The new regulations to the National Credit Act will keep companies in the dark about certain information pertaining to employee applicants and potential vendors.
This is according to Jenny Reid, CEO of iFacts, a company that takes care of corporate security and seeks to remove people risk in business.
Background to the changes
In late February, Dr Rob Davies, Minister of Trade and Industry, gave notice of new regulations to the National Credit Act, 2005. The change came into effect 1 April 2014 and the Department of Trade and Industry (DTI) has given credit bureaux in South Africa approximately two months to remove adverse consumer credit information from, and information relating to paid-up judgements. In other words, 6.5 million status updates relating to 4.2 million credit profiles will soon be deleted.
This means that negative descriptions – such as slow payer, delinquent, default or non-contactable – will no longer be allowed. The bureau will also not be allowed to give out enforcement action indicators, such as legal action, written off, repossessed or overdue.
“As it allows for the once-off removal of negative credit information, plus the continuous removal of paid-up judgement, it means that there will be no track record of bad payment, no spoor to follow to identify a trend of reckless or unscrupulous credit behaviour,” Reid says. “There will also be no notice of the action taken against these individuals. We’ll be left in the dark as to histories, behaviour and trustworthiness of these individuals.”
Furthermore, the collections information will be deleted and copies of previous enquiries will no longer be available online.
Increased risk for employers
“While this doesn’t necessarily mean that the debt is written off, it does hide important information when investigating potential employees for clients,” she explains. “In effect, it will increase security risks around new people coming into a company. This extends to vendors you might be about to use.”

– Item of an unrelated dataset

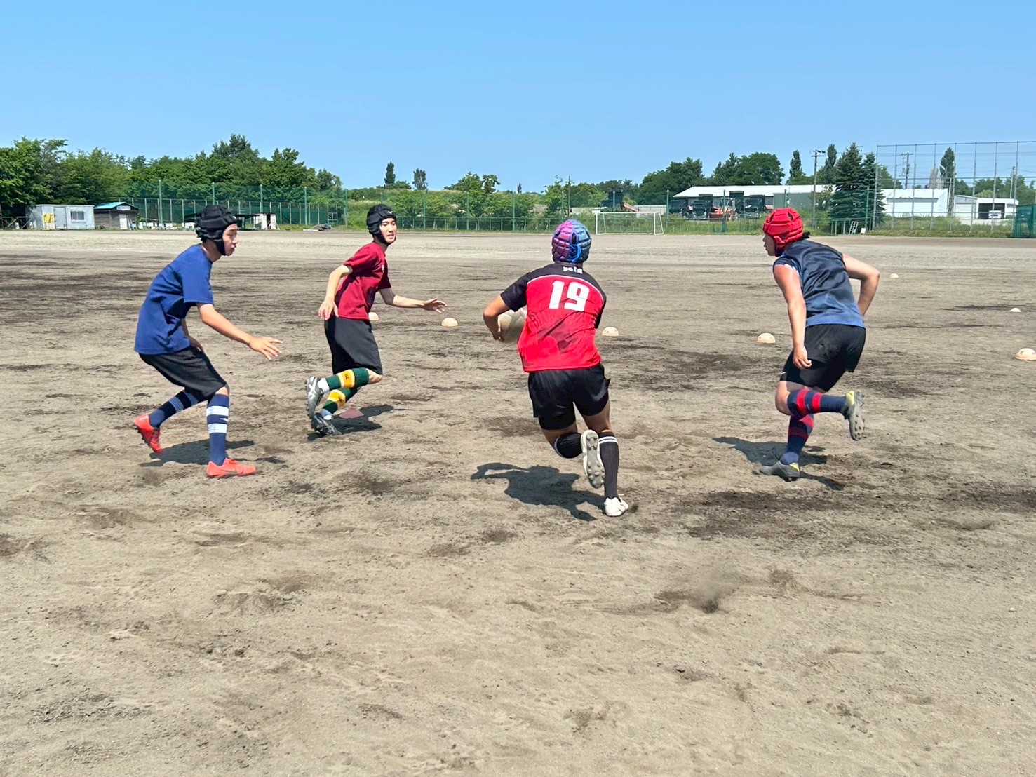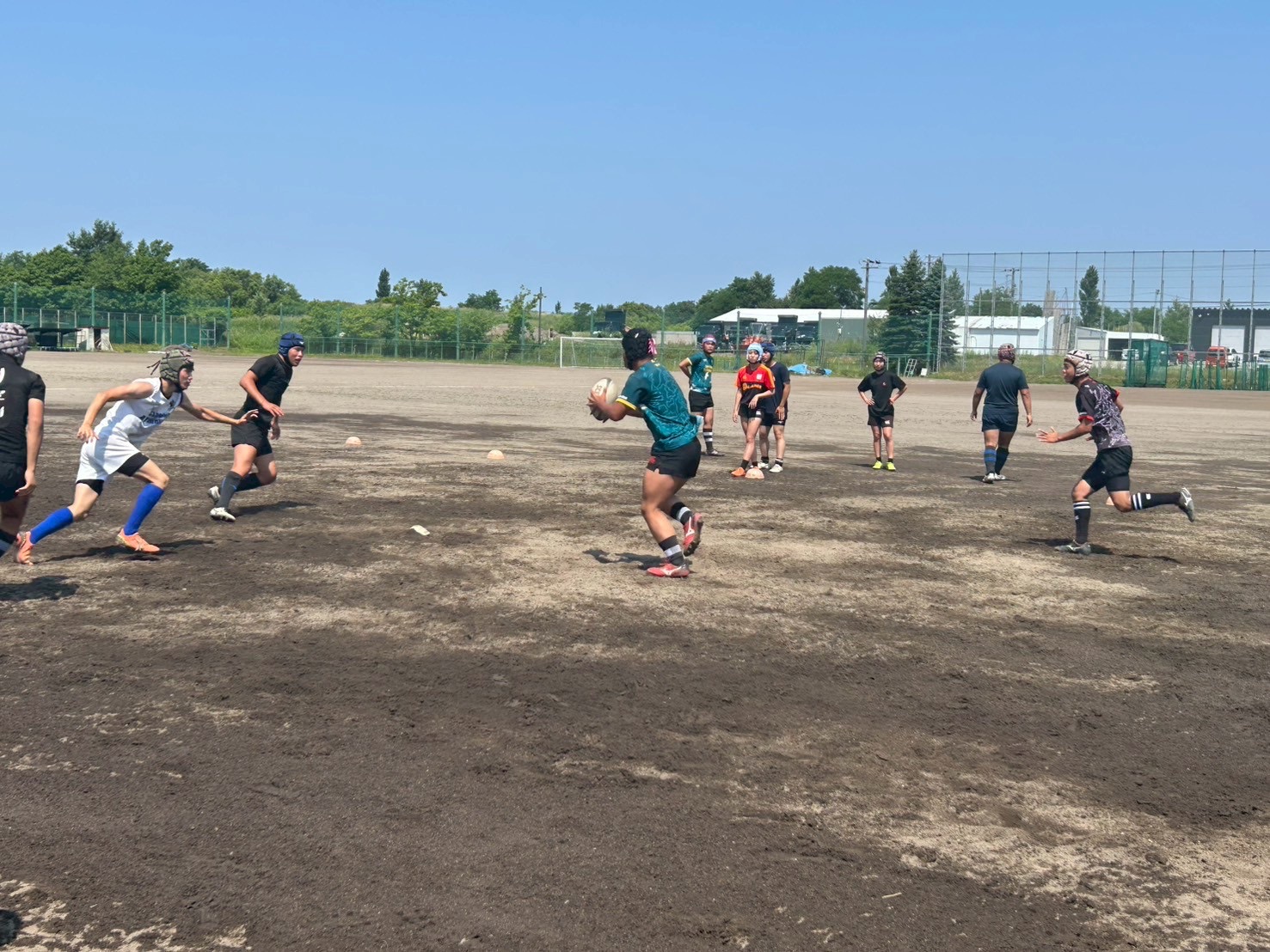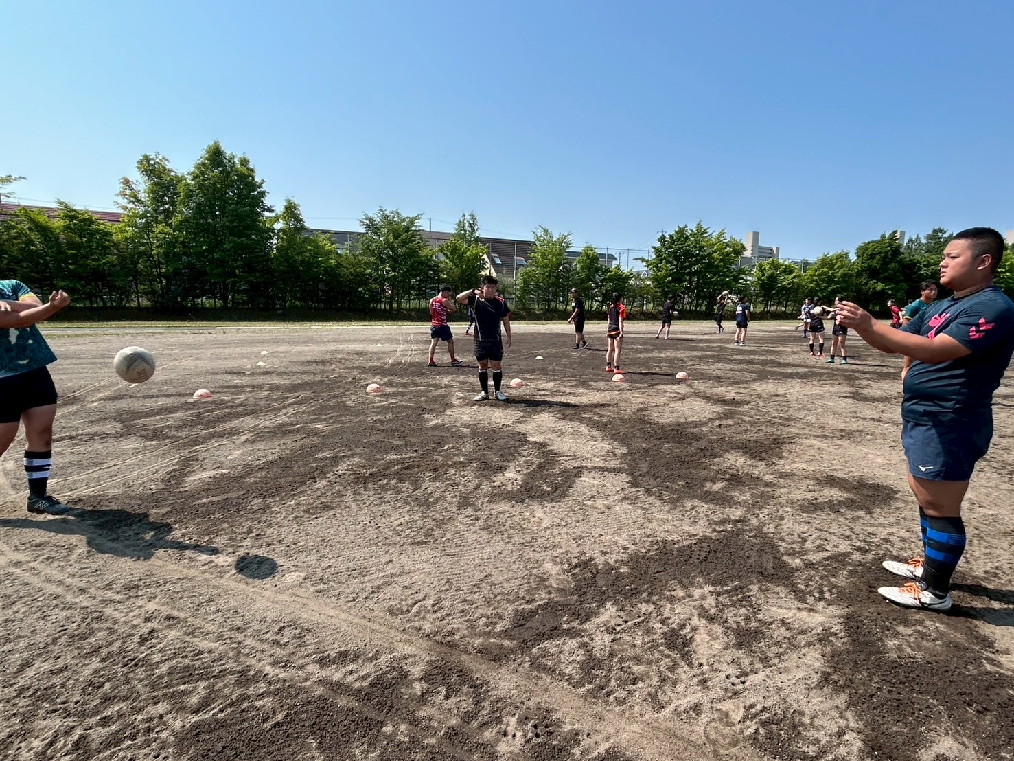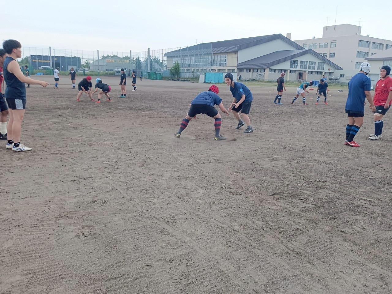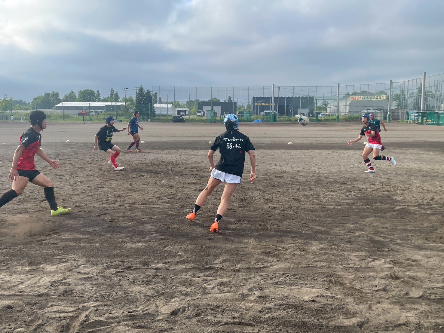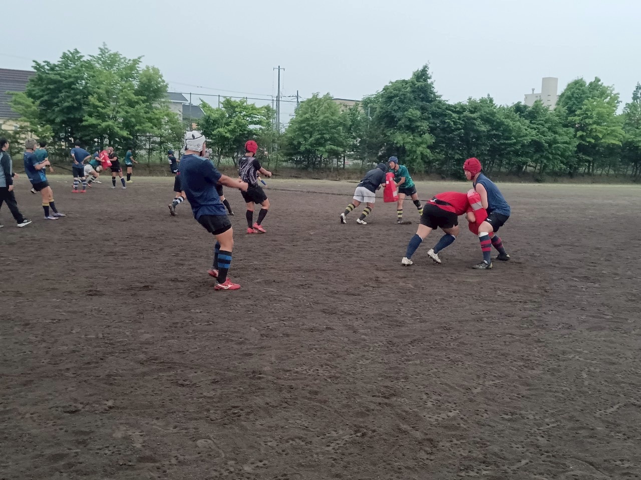 次にキックからのアタックディフェンスの練習を行いました。コミニュケーションが少なくノックオンが多く見られました。アタックはワンパスした後の細かいコミニュケーションを行うようにしましょう。また、ディフェンスは自分のゾーンに入った人に向かって横の繋がりを確認できるよう頑張りましょう。

Reid believes the landscape will have to change from the way providers provide credit to consumers to the screening process companies will use in a security analysis.
“The truth is that employees with a poor credit history can pose a security threat,” she says. “The information previously accessible would help put this history in context – there is a difference between a slow payer and a delinquent payer. It is important to know if the individual provided the correct information or deliberately misrepresented basic facts.”
Without the credit information as a resource, Reid believes other investigative methods can be used. “The idea is to look harder at other information – such as criminal checks, education certificate verification and so forth in order to find out the reputation of the individual,” she says. “If there are discrepancies here, it should raise a red flag. If someone can lie on a credit application, they will probably fabricate their CV, so make sure you check this closely too. Don’t discount a social media investigation. The same process applies to contract or temporary employees.”
Moreover, creating a profile of a typical unethical or high-risk individual is important before hiring a new member of staff. This upfront security analysis and screening process is more efficient than dealing with the costly and lengthy legal action involved with dismissing an employee after the fact.
In April, iFacts is launching a Consumer Credit Report, which has been prepared for the changes to the National Credit Act. It helps clients mitigate risks by applying new strategies and implementing different decision-making tools.